We could reserve .com objects a separate cache_dir, and keep the rest
separate, on less optimal places on disks (inner parts of a spindle)
Having less frequent references, they have less impact on overall
performance, yet keeping most hot stuff tightly together we can
increase performance for most often used stuff.

Also, on very large disks, (like 73GB), we can force known large
objects (mp3, zip, exe, cab, etc) to be placed on vast inner area of
disk, increasing average object size, and keeping those large files
for longer time. infrequent access to them, and their large size
reduces performance impact of not being cached by OS filesystem.

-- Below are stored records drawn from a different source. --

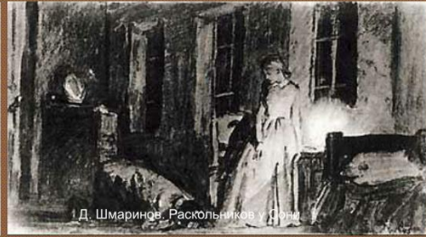
Д. Шмаринов. Раскольников и Соня.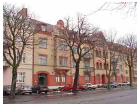
ÖSTEN 5 från SV

K = 2(gata) 4(gård), M = 1(gata) 2(gård). Många välbevarade detaljer. Den röda putsfär- gen är för skarp, bör dämpas vid nästa ommål- ning. De illa anpassade, påklistrade balkongerna åt gården skämmer den annars vackra tegelfa- saden, men huset är viktigt för gårdsmiljön.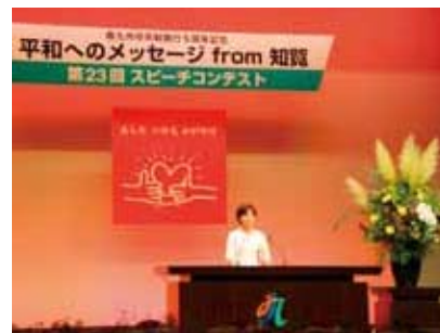
平和へのメッセージfrom知覧 スピーチコンテスト(南九州市知覧町)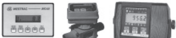
Vitesses surface Heures

Key words: biological control, strawberry, two-spotted spider mite, Tetranychus urticae , Phytoseiulus persimilis .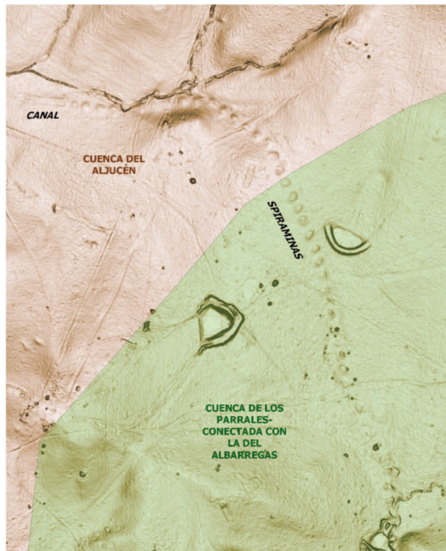
Figura 2. ALINEACIÓN DE MONTÍCULOS IDENTIFICADOS COMO SPIRAMINAS PARA CONSTRUIR EL CANAL EN MINA PROFUNDA QUE SALVA EL PASO DE UNA CUENCA A OTRA. ELABORACIÓN PROPIA

Destaca, por su importancia dentro de la investigación, la localización de una serie de montículos dispuestos de forma lineal (Fig. 2) situados al norte del Parque Natural de Cornalvo. Se han identificado como los escombros resultado de la excavación de las spiraminas y del canal subterráneo, los cuales aparecen rodeando la entrada al pozo. La conducción en este punto va en mina profunda atravesando un cerro para conseguir pasar desde la cuenca hidrográfica del Aljucén a la de los Parrales-Albarregas, que es la que sigue hasta la ciudad.

Ideally, we should be able to make difference between objects of
<16KB and >16KB. This could allow us to force small objects into
squid-fs that is optimised for small objects (like fifo-fs) and
let the rest be handled by UFS.
In ideal case, we wouldn't even need to bother with fragmentation
of squid-fs, we simply use several fs's with differing block sizes,
and let squid place objects of optimal size to corresponding FS.
We could make 1 FS with blocksize of 512b, another with 2KB, one
more with 8KB, etc. We wouldn't even need to handle subblock
fragments, multiblock objects, etc. We'd have direct mapping
between filenumber and object location on disk.

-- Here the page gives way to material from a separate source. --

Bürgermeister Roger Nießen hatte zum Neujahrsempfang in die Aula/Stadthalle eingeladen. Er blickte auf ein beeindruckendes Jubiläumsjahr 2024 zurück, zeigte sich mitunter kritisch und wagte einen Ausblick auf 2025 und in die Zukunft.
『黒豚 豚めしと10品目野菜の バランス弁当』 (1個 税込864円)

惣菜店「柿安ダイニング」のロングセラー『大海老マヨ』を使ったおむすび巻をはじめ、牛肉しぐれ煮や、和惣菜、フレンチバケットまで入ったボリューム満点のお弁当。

To implement, we need to buffer at least some amount of object
before we start swapout. Ideally, this size should be option
in config file. We should buffer this amount of object in ram,
and if it exceeds max size, we start swapout to FS that is
configured to handle large files. If object fits in its full
into this ram buffer, we can use ACL's to match min/max size
by which cache_dir selection will be made, and swapout done
in one shot into an optimal FS.

comments and critisism welcome.

I'm planning to implement ACL'based selection, and while looking
at the code, I'm seeing several things to solve.
First I'd need to add squid.conf directives, cache_dir_access
seems logical for ACL's. Currently, FS type is configured on the
same line as cache_dir. Maybe we should split this, as fifo-fs
has no L1/L2 configuration, and we might want other different
config directives depending on FS type. For eg. starting and
ending disk block for direct-mapped fs, max and min object size,
etc. Therefore, maybe it is reasonable to add cache_dir_conf
directive that defines all the specifics for the cache_dir?
Or should we make configuration directives optional on the
cache_dir line as in cache_peer configuration?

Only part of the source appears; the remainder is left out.